The UK has the expertise to take a leading role in shaping international standards for 6G to fully benefit from its transformative potential, according to the head of the University of Surrey’s 5G/6G Innovation Centre – one of Europe’s largest telecommunications research hubs.
Scientists from Surrey are involved in setting the standards for how 6G technology could sense the physical environment and ambient information – leading to smarter services and more efficient network management.
6G technology employs radio signals from mobile communications to detect objects and map the space surrounding a device. Such capabilities could be used to prevent collisions between autonomous vehicles, detect intruders at home, or monitor patients’ health in care settings.
The technology could also enable holographic teleportation, a concept that will be explored at Surrey’s 6G Innovation Centre.

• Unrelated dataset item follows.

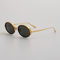 These oval sunglasses from the LINDA FARROW collection combine a yellow gold plated rim with meticulously etched brows for an eye catching finish. Balanced with a sleek tapered temples and fitted with grey ZEISS technology sunglass lenses for optimum clarity and UV protection. Details -100% UV protected solid lenses -Titanium frame with titanium temples -Country of origin : Japan -sku:LFL1413C1SUN Size & Fit 52mm lens width 21mmbridge width 146mm temple length
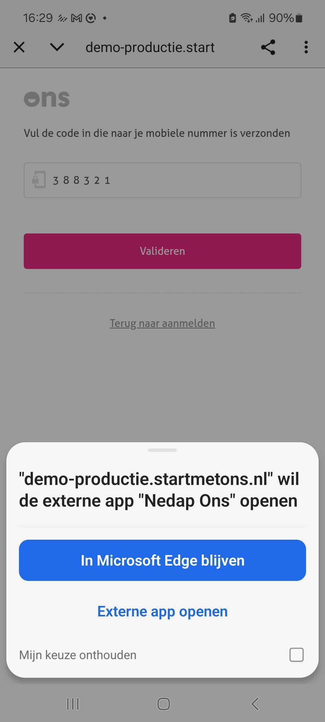 - Als jouw device Edge als standaard browser ingesteld heeft, kan het volgende venster geopend worden onderaan het scherm. Daarin krijg je de vraag of je in de browser wilt blijven of dat je een externe app wilt openen. Het is in deze stap belangrijk dat je op de optie Externe app openen klikt. Als je dit namelijk niet doet, zal je vervolgens een "404 not found" te zien krijgen. Mocht je per ongeluk op ''In Microsoft Edge blijven'' geklikt te hebben, dan kan je deze melding opnieuw triggeren door de browser data van Edge te wissen.

In September, the European Telecommunications Standards Institute agreed to establish an Industry Specification Group on Integrated Sensing and Communications. This will begin work on the standards that will govern this emerging technology. The University of Surrey is one of 23 founding members of this group.
Regius professor of electronic engineering, Rahim Tafazolli, who founded the 5G/6G Innovation Centre, said: “6G has the potential to transform our lives. It could pave the way for new technologies to keep us safe, healthy, and connected. We are delighted to be part of this ISG from the very beginning, alongside our partners in the TUDOR group. This is yet more recognition that the University of Surrey is at the forefront of 5G and 6G research.”